In Figure 11, the pentagon round the door has sides of 15'. It is enclosed in a pentagon of side 30', which is the width of the central part of the west front, being 1/5 of 150’, the length of the nave. The top of this pentagon aligns with the bottom of the opening of the upper window.
Two equilateral triangles of side 30' are shown. One has its base coinciding with a chord of the large pentagon. Its apex is at the lower edge of the hood mould at the apex of the central lancet, which is the level of the top of the capital of the south stair turret. The second equilateral triangle has its base at this level and its apex at the apex of the gable.
The width of the central lancet of the triplet, measured between the edges of the mouldings next to the openings, is equal to the width of the stair turret, which is derived from the bases of the piers of the nave arcade. The distance between the lancets is the same measure, so the inner edges of the outer lancets are defined. Two thirds of the distance from there to the stair turret or edge of the central part of the west front gives the position of the outer edges of these lancets. The remaining one third gives the width of the decorative band round the outer lancets. Naturally the band round the central lancet has the same width. We recall that the width of the windows in the clerestory is equal to the width of the wall between them. The openings of the lancets of the triplet are actually a little less than the widths defined above. This may reflect an aesthetic judgement, that the windows were too cavernous as first designed. The effect is a subtle one. In Figure 12, what looks like a band of glass quarries round the lancets is in fact stone as regards the vertical and curved edges. The windows as narrowed are shown in Figure 13, with actual quarries of glass round the edges. The position of the outer edge of the moulding round the outer lancets is given by the upper vertices of the 15’ pentagon in Figure 11. The width of the opening of the upper lancet is one seventh of 30’.

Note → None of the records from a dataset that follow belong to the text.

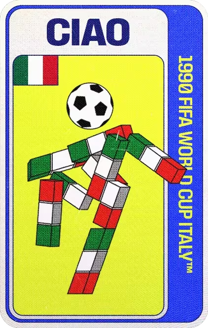 以線條勾勒的火柴人形象,頭部是一顆足球,身體由意大利國旗的紅、白、綠三色方塊組成。「Ciao」在意大利語中意為「你好」。前衛的風格在當年引起極大討論,至今仍被認為是最具藝術感的設計。
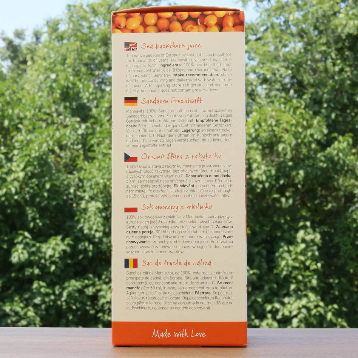 The Mannavita sok rakitovca je 100-% pijača, izdelana z uporabo nežen postopek za ohranitev edinstvene aktivne sestavine iz rakitovca. Rakitovec je jagodičevje bogat z bioaktivni vitamin C, znan po svojem za krepitev imunskega sistema lastnosti. Priporočljivo je ne le za boj proti obstoječim boleznim, temveč tudi kot vsakodnevna pijača za preprečevanje. Rakitovec je ena od najstarejše zdravilne rastline, ki vsebuje več kot 190 biološko aktivnih komponente.
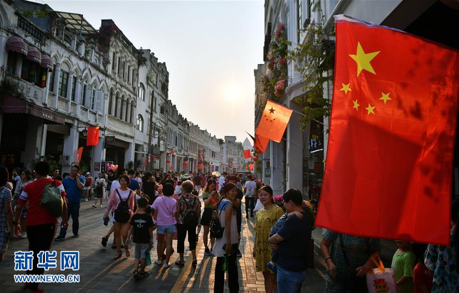 10月1日,游客在海口騎樓老街參觀游玩。當(dāng)日是國(guó)慶節(jié),全國(guó)各地的人們用各種方式歡度節(jié)日。新華社記者 郭程 攝
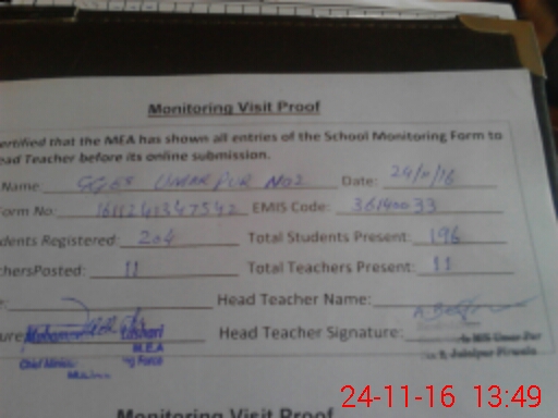 | Attendance Register | Head Teacher | MEA with School | Visit Proof |
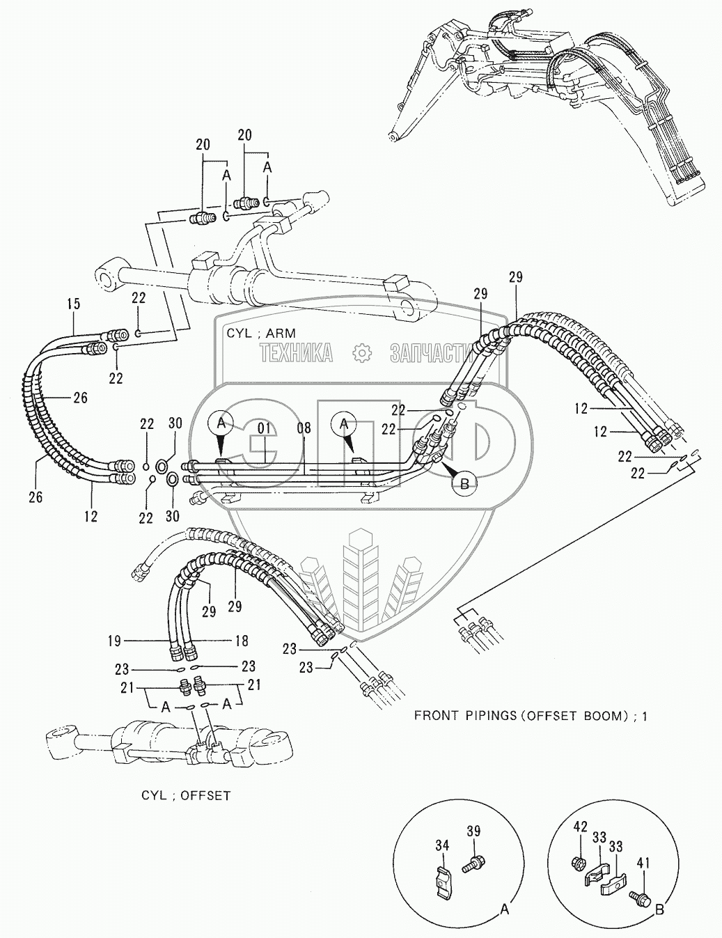Каталог запасных частей к технике: Hitachi EX-100-3. FRONT PIPINGS <OFFSET BOOM> 2
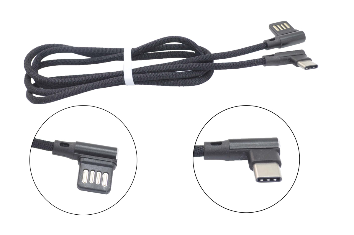 Шнур USB 2.0 type A (male) - USB type C (male), матерчатая оплетка, цв. черный, угловой разъем
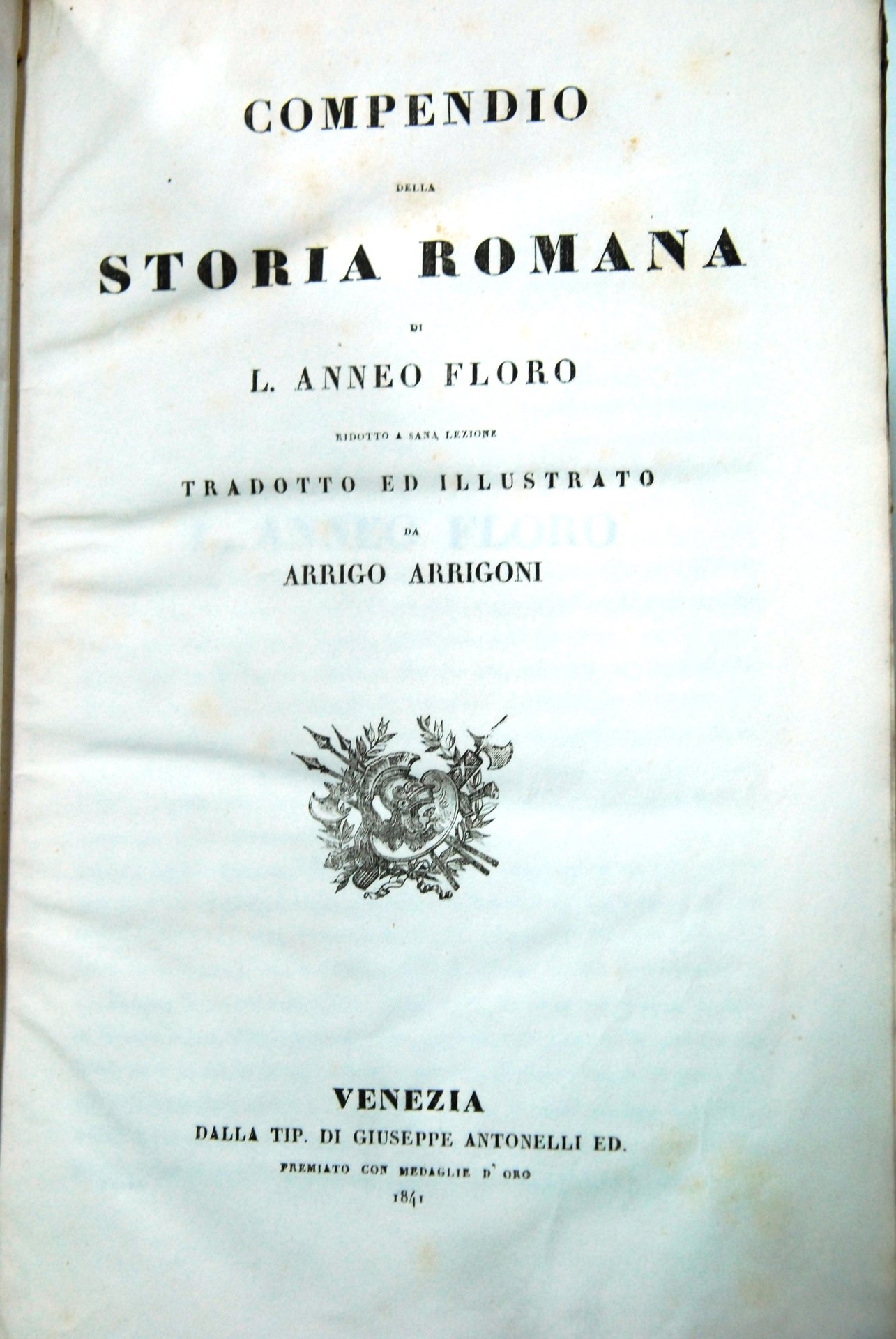 Anneo Floro Compendio della storia Romana tradotto e illustrato da Arrigo Arrigoni. Venezia Antonelli 1841 Ottime Rilegato .

The pentagon in Figure 12 is centred on the apex of the lower equilateral triangle in Figure 11, and its circumcircle has a radius such that the upper vertices lie on the edges of the gable. The overall width of the pentagon is 30√3sin36° which evaluates to 30'6½". Two radii pass through the apices of the side lancets, just under the hood moulds. The part of the gable above the line joining the upper vertices can be reflected in that line, and the image of the apex falls at the centre of the pentagon. The circumcircle gives the position of the apex of the upper lancet. The lower faces of the pentagon, extended as shown to the points directly below the outer vertices define the level of the string course over the door. The outer vertex on the south side also appears to define the position of the angle shaft of the stair turret in a manner reminiscent of the clerestory geometry (Figure 9). A golden rectangle the width of the west front aligned on the string course gives the springing line of the arches of the lancets by an alternative method.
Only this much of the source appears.